REQUIRED WORK >> For the listing that follows, give again exactly the lines from the one with "Người dân chăm" to the one with "Skrytý dotykový spínač/stmívač", including both.

EXERCISE DATA >>
━━━━━━━━

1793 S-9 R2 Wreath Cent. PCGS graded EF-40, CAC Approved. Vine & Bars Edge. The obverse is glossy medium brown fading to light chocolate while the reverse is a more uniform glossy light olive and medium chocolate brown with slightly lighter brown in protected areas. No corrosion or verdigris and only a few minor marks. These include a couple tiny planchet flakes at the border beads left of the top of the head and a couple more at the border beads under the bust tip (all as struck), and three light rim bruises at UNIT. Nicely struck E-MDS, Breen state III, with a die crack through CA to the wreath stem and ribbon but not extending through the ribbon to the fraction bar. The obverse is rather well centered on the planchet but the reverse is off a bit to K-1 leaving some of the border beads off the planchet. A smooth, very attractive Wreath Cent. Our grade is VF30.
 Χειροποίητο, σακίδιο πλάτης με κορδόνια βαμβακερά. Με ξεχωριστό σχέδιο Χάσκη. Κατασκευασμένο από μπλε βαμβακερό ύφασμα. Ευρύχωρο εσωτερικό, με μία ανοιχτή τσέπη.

━━━━━━━━

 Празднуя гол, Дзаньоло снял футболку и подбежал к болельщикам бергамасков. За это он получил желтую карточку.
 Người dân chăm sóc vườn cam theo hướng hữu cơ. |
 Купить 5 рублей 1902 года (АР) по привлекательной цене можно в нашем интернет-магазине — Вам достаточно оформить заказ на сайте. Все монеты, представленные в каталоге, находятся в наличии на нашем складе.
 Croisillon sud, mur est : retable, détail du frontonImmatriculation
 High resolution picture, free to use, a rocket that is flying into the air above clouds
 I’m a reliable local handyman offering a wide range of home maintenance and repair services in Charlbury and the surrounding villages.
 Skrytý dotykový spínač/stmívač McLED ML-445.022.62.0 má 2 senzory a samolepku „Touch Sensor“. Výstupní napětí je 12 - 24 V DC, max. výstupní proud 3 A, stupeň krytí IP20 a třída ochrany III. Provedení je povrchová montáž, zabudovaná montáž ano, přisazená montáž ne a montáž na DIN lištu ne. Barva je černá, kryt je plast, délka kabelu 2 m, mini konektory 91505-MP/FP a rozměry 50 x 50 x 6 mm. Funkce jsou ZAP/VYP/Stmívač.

━━━━━━━━

WRITTEN REPLY >>
 Người dân chăm sóc vườn cam theo hướng hữu cơ. |
 Купить 5 рублей 1902 года (АР) по привлекательной цене можно в нашем интернет-магазине — Вам достаточно оформить заказ на сайте. Все монеты, представленные в каталоге, находятся в наличии на нашем складе.
 Croisillon sud, mur est : retable, détail du frontonImmatriculation
 High resolution picture, free to use, a rocket that is flying into the air above clouds
 I’m a reliable local handyman offering a wide range of home maintenance and repair services in Charlbury and the surrounding villages.
 Skrytý dotykový spínač/stmívač McLED ML-445.022.62.0 má 2 senzory a samolepku „Touch Sensor“. Výstupní napětí je 12 - 24 V DC, max. výstupní proud 3 A, stupeň krytí IP20 a třída ochrany III. Provedení je povrchová montáž, zabudovaná montáž ano, přisazená montáž ne a montáž na DIN lištu ne. Barva je černá, kryt je plast, délka kabelu 2 m, mini konektory 91505-MP/FP a rozměry 50 x 50 x 6 mm. Funkce jsou ZAP/VYP/Stmívač.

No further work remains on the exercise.